— Work item —
Pictures are to be left out, and only the lines below starting at the one with "公司也與博通、Lumentum 等大廠合作開發光通訊產品,最快 2025" and ending at the one with "Просто молотый мясной" are to be reproduced, each exactly, both ends included.

+ + + + +

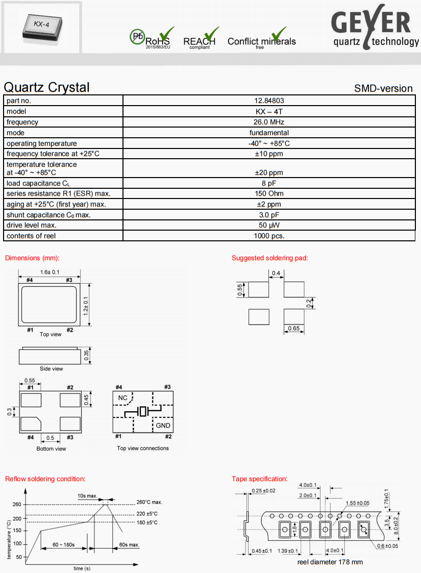 | 12.84803 | Geyer晶振 | KX-4 | 26 MHz | ±20ppm | ±10ppm | 8pF |
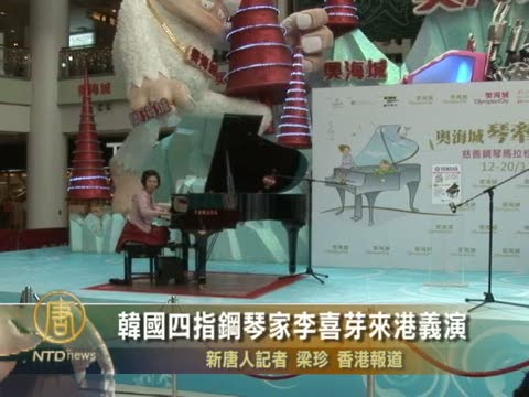 【新唐人2009年12月13日訊】特意來香港的韓國著名四指鋼琴家李喜芽,將連同香港三指鋼琴家黃愛恩等,為四川地震災民義演,並以親身經歷鼓舞人們面對困難。
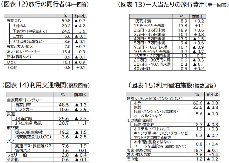 同行者:「子供づれ(中学生まで)の家族旅行(24.5%)」が最も多く、前年から3.6ポイント増加しました。次いで「夫婦のみ(20.2%)」となりましたが、前年より4.2ポイント減少しています。また「友人・知人・パートナー(15.4%)」が0.9ポイント増加、「家族と友人・知人(7.0%)」が0.7ポイント増加するなど、新型コロナが5類に移行した直後であった前年に比べ、より大人数で家族以外の親しい人との旅行が増えている様子がうかがえます(図表12)。
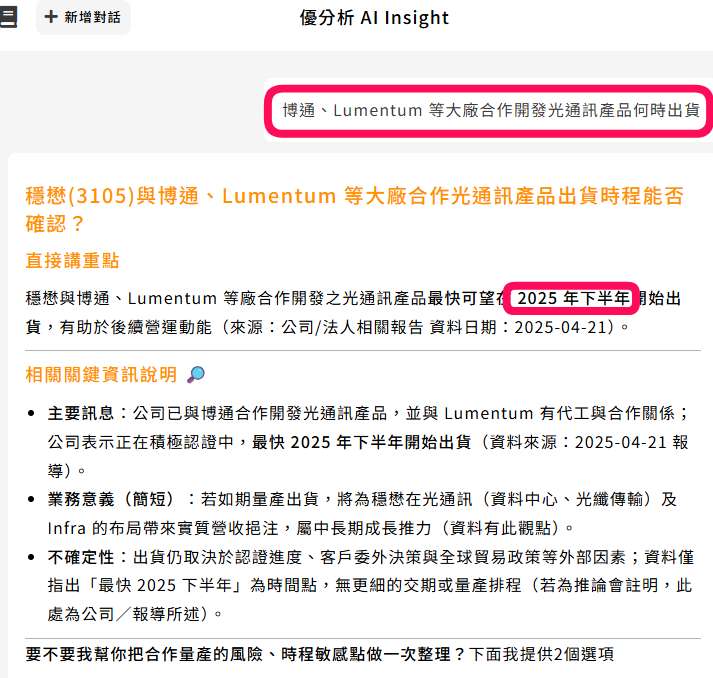公司也與博通、Lumentum 等大廠合作開發光通訊產品,最快 2025 年下半年出貨。我們可以用優分析產業資料庫裡的 AI Insight,直接問他什麼時候出貨,就可以確認這件事。
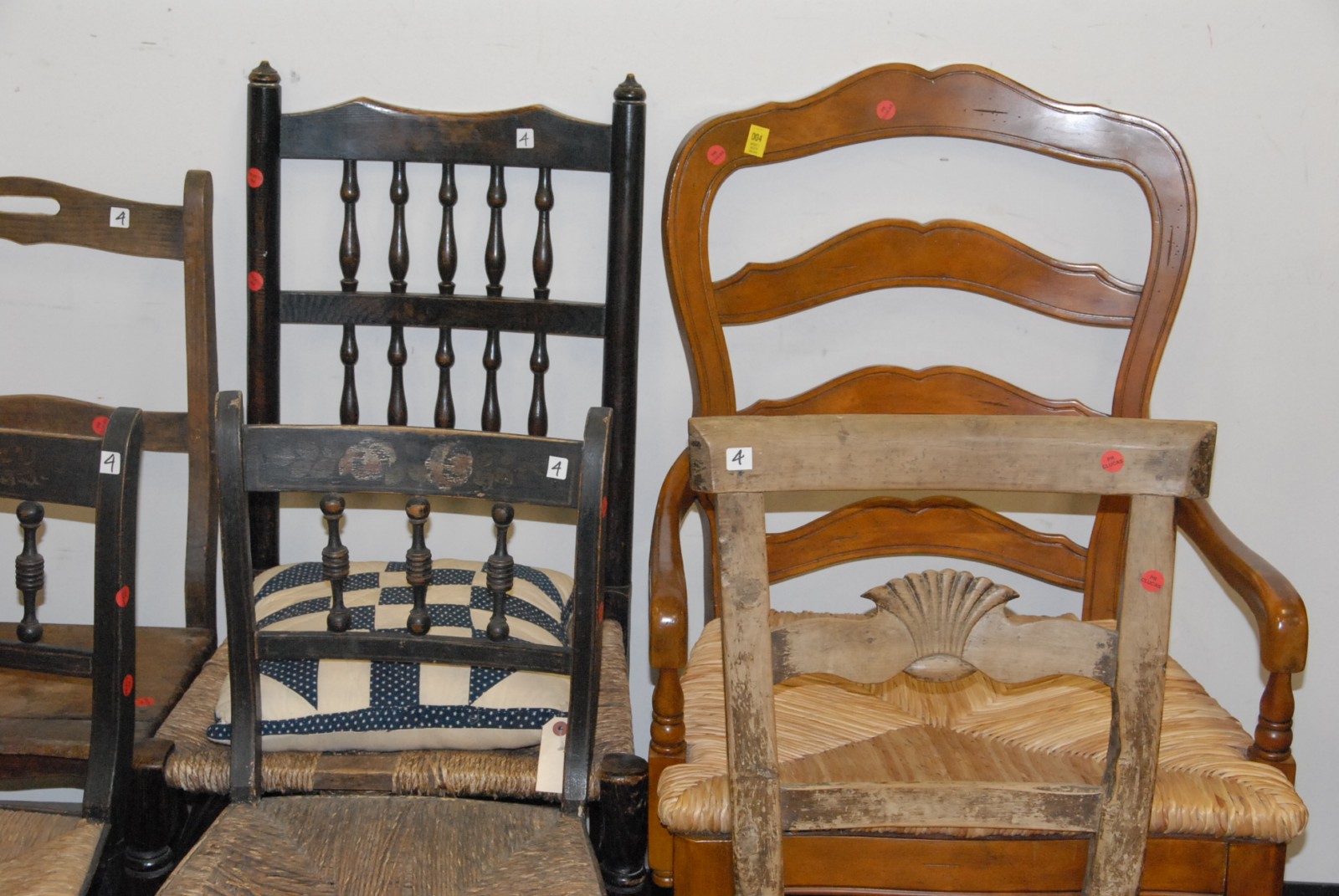 Group lot of chairs, 6 chairs plus 2 stools with rush seats
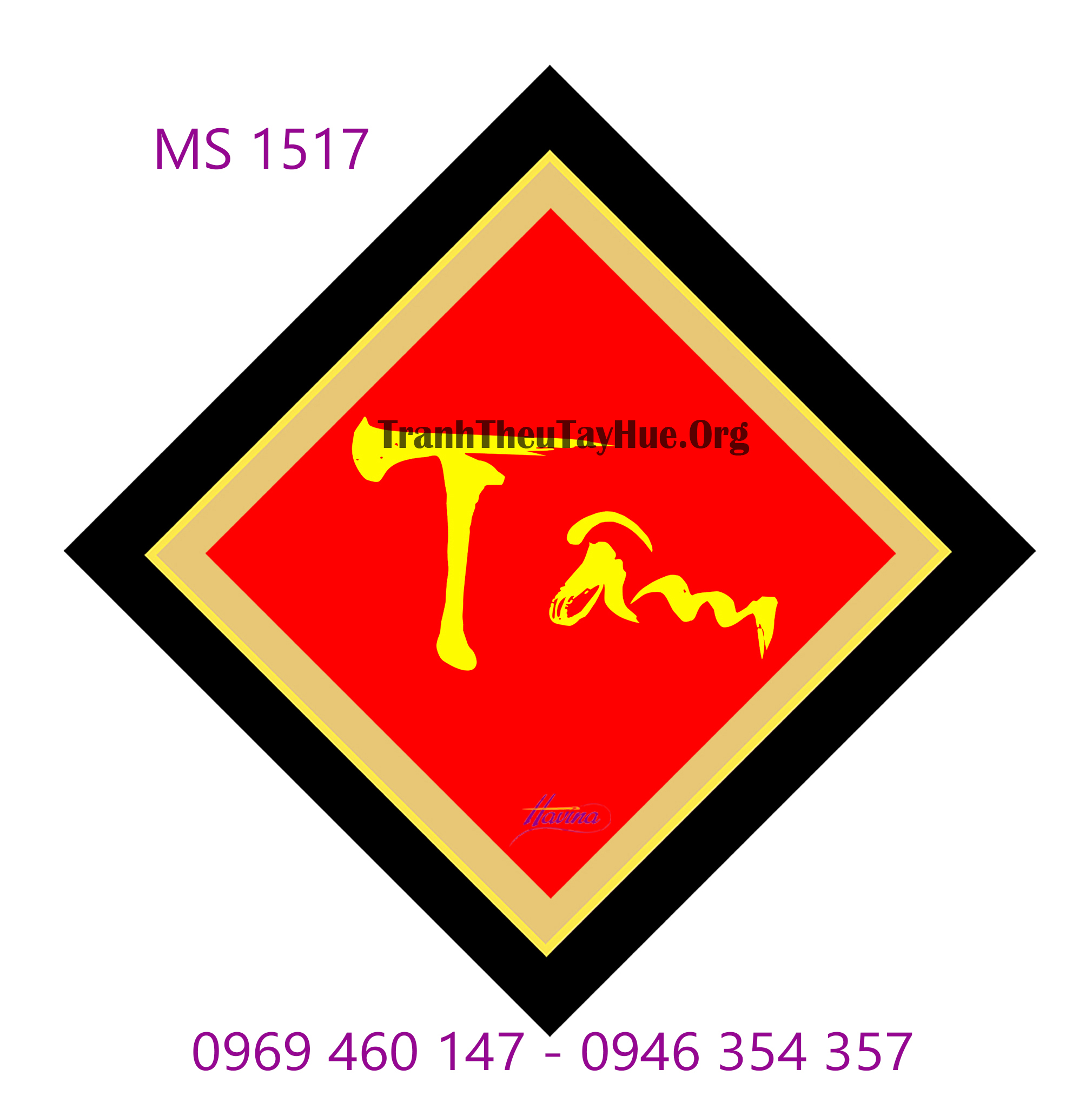 CHI TIẾT TÁC PHẨM TRANH THÊU CHỮ TÂM MS 1517:
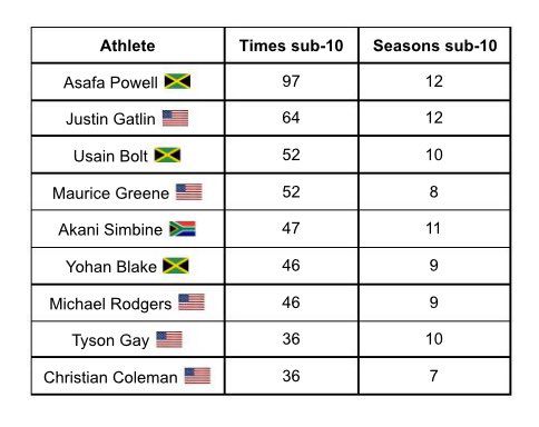 A recent stat shows the most sub-10s times and consistency in seasons, saturated by Jamaican American sprinters. Simbine sits fifth at 47 times behind Powell (97), Gatlin (64), Bolt (52), and Greene (52).
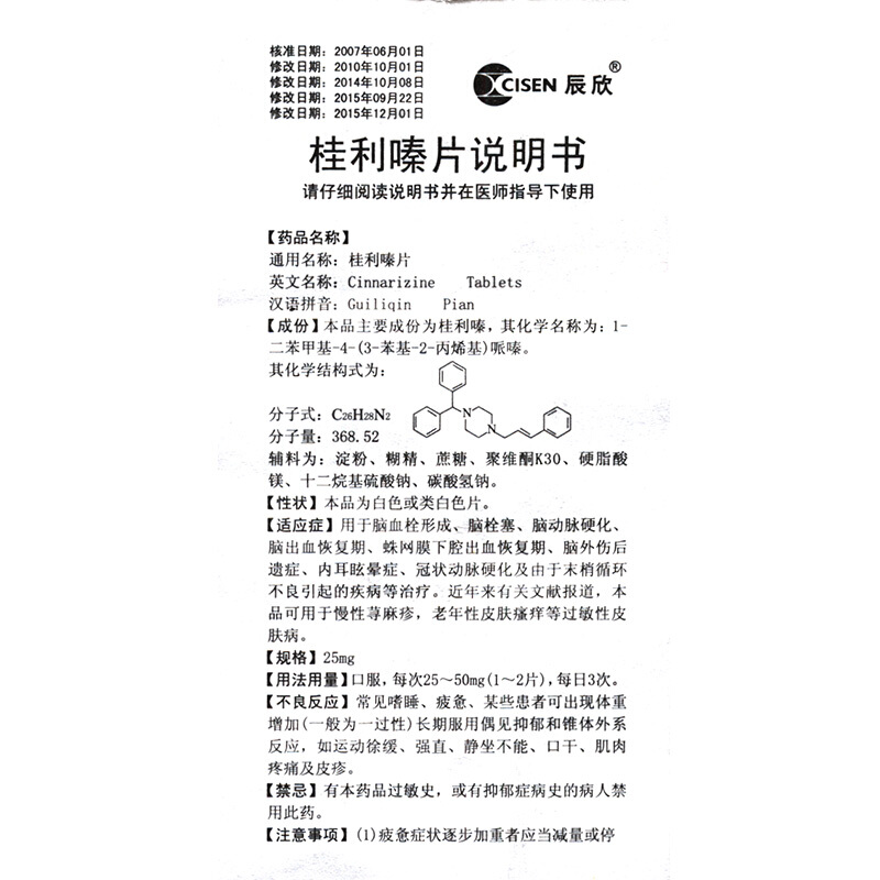 辰欣 桂利嗪片25毫克*100片
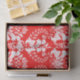 Elegant white on changeable red background, vintage floral damask seamless pattern.
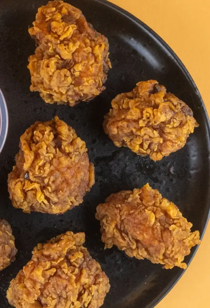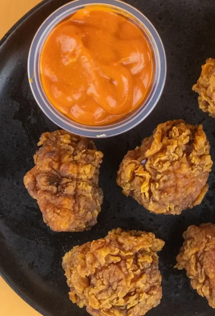 hourCrispy and spicy chicken bites coated in a flavorful seasoning, served with a spicy sauce. Perfect for a tasty appetizer or snack.
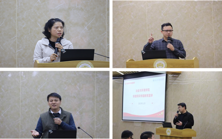 冶环院各分管领导作分管领域内的党风廉政风险教育和相关工作安排。陈爱良副院长就立德树人、教材课程等方面作本科教学工作报告;刘恢副院长从分析学术不端及科研失信行为的原因入手,并简要介绍了学院科研经费使用和成果转化的管理办法;刘芳洋副院长强调了优秀学位论文评选推荐工作的重点,并就学位评定分委员会换届及相关工作做出安排;王亲猛副院长聚焦于师德师风建设,强调教职工们要全面理解十项准则内涵与要求,并从经典师德教育案例中汲取教训,做到廉洁自律。
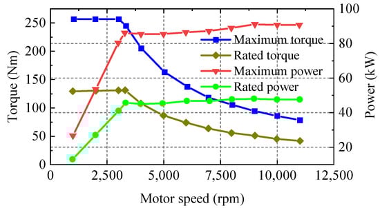 This paper selects the TZ205XS85K01 motor as the research object and gives experimentally measured maximum rated output torque; maximum rated output power curves of the motor shown in Figure 4.
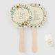 Ce beau éventail à main présente une bordure extérieure avec une couronne de tournesols et d'eucalyptus. Personnalisez avec les noms de la mariée et du marié. Au verso se trouve un motif floral de tournesol autour du bord. Vous personnalisez le dos avec le programme de votre mariage ainsi que la date.
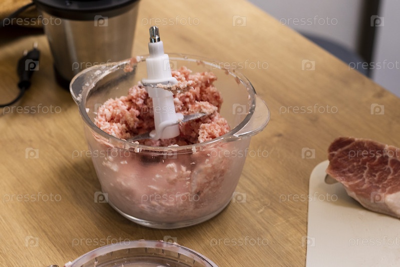 Просто молотый мясной фарш в стеклянной чаше электрического вертолета на кухонной столешнице. готовить
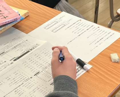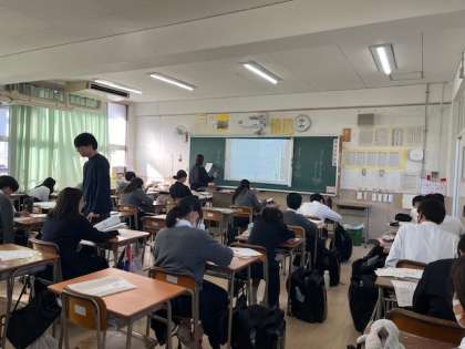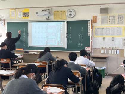 2年生「国語」の授業です。文法についての学習です。動詞の活用は、五段活用、下一段活用、カ行変格活用など言葉だけを聞くと難しく感じてしまいます。例えば、咲かない・咲きます・咲く・咲くとき・咲けば・咲け と口にすればわかりやすいので、興味をもって学習していきましょう。
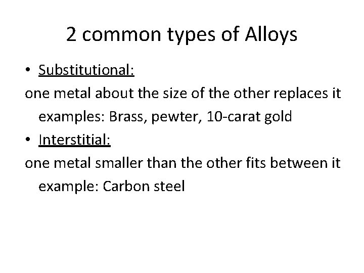 2 common types of Alloys • Substitutional: one metal about the size of the other replaces it examples: Brass, pewter, 10 -carat gold • Interstitial: one metal smaller than the other fits between it example: Carbon steel
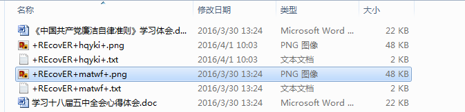 大侠们或瑞星的高手们给个解决方法,拜谢了!基本上每个文件夹中都自动生成了四个文件,一个是+REcovER+hqyki+.png,一个是+REcovER+hqyki+.txt,第三个是+REcovER+matwf+.PNG,第四个是+REcovER+matwf+.txt。如下图:
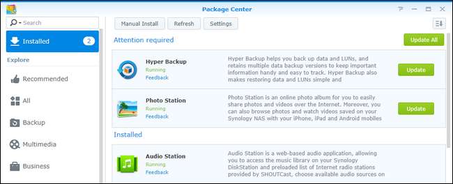 Quer você opte por seguir um método manual estrito ou combinar atualizações completas (ou semi) automatizadas, é fácil ficar por dentro das atualizações de pacote graças ao gerenciador de pacotes simplificado da Synology.
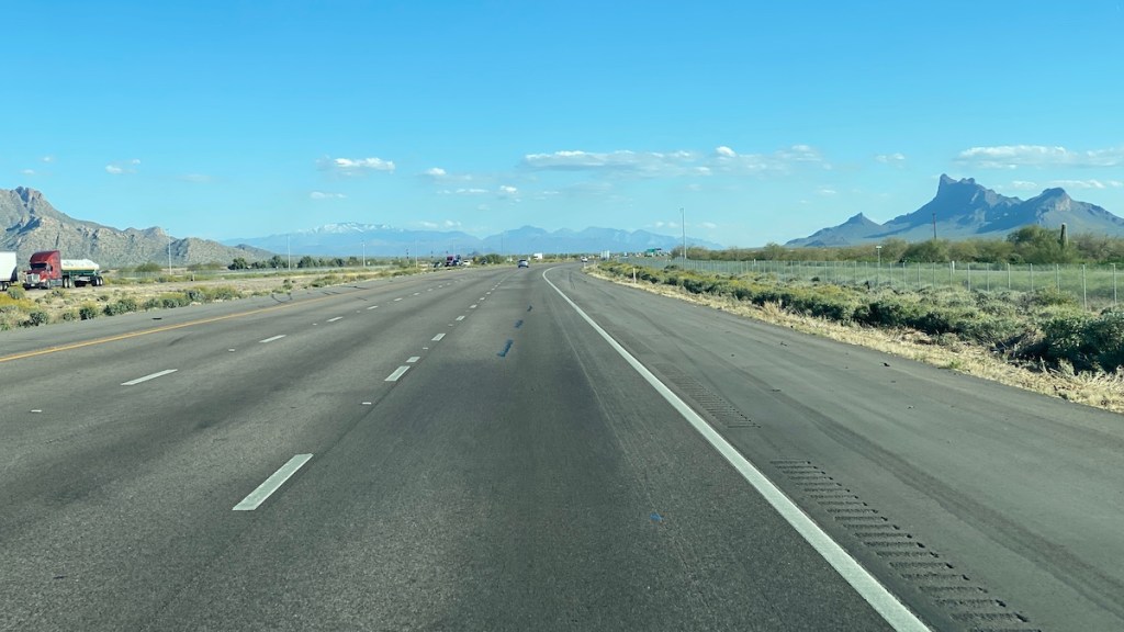 After I was forced west to go east because I-10 was completely closed, I continued on toward Tucson. At this point, I was officially back in unknown territory, boldly going where I have not gone before. But I recognized Picacho Peak as I approached, having seen many videos with it in the background. There’s a state park right there, but also free BLM camping nearby. It’ll be worth checking out more closely at some point.
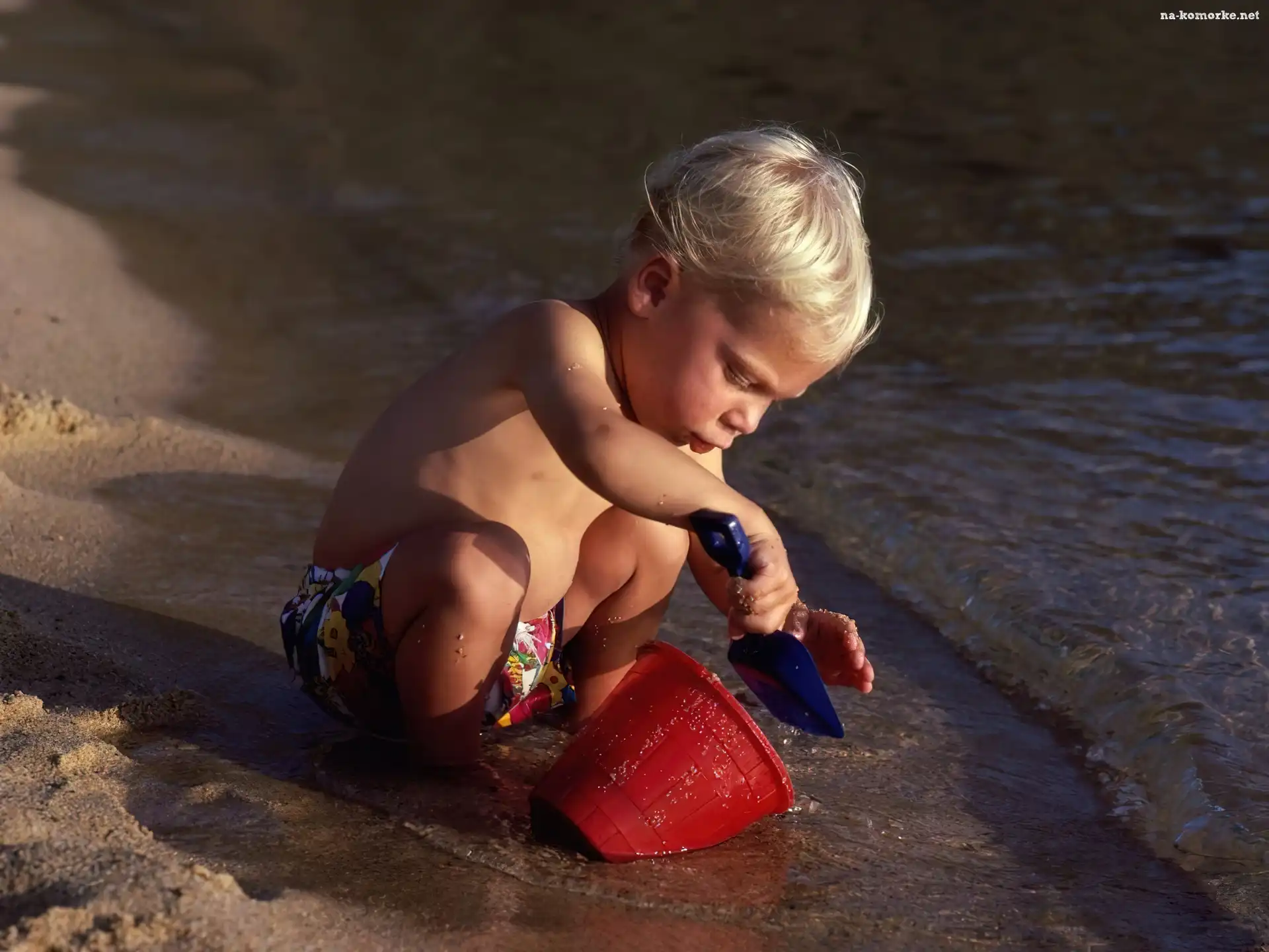 Dziecko na plaży na Komórkę

+ + + + +

— Response to this task —
公司也與博通、Lumentum 等大廠合作開發光通訊產品,最快 2025 年下半年出貨。我們可以用優分析產業資料庫裡的 AI Insight,直接問他什麼時候出貨,就可以確認這件事。
 Group lot of chairs, 6 chairs plus 2 stools with rush seats
 CHI TIẾT TÁC PHẨM TRANH THÊU CHỮ TÂM MS 1517:
 A recent stat shows the most sub-10s times and consistency in seasons, saturated by Jamaican American sprinters. Simbine sits fifth at 47 times behind Powell (97), Gatlin (64), Bolt (52), and Greene (52).
 辰欣 桂利嗪片25毫克*100片
 Elegant white on changeable red background, vintage floral damask seamless pattern.
 hourCrispy and spicy chicken bites coated in a flavorful seasoning, served with a spicy sauce. Perfect for a tasty appetizer or snack.
 冶环院各分管领导作分管领域内的党风廉政风险教育和相关工作安排。陈爱良副院长就立德树人、教材课程等方面作本科教学工作报告;刘恢副院长从分析学术不端及科研失信行为的原因入手,并简要介绍了学院科研经费使用和成果转化的管理办法;刘芳洋副院长强调了优秀学位论文评选推荐工作的重点,并就学位评定分委员会换届及相关工作做出安排;王亲猛副院长聚焦于师德师风建设,强调教职工们要全面理解十项准则内涵与要求,并从经典师德教育案例中汲取教训,做到廉洁自律。
 This paper selects the TZ205XS85K01 motor as the research object and gives experimentally measured maximum rated output torque; maximum rated output power curves of the motor shown in Figure 4.
 Ce beau éventail à main présente une bordure extérieure avec une couronne de tournesols et d'eucalyptus. Personnalisez avec les noms de la mariée et du marié. Au verso se trouve un motif floral de tournesol autour du bord. Vous personnalisez le dos avec le programme de votre mariage ainsi que la date.
 Просто молотый мясной фарш в стеклянной чаше электрического вертолета на кухонной столешнице. готовить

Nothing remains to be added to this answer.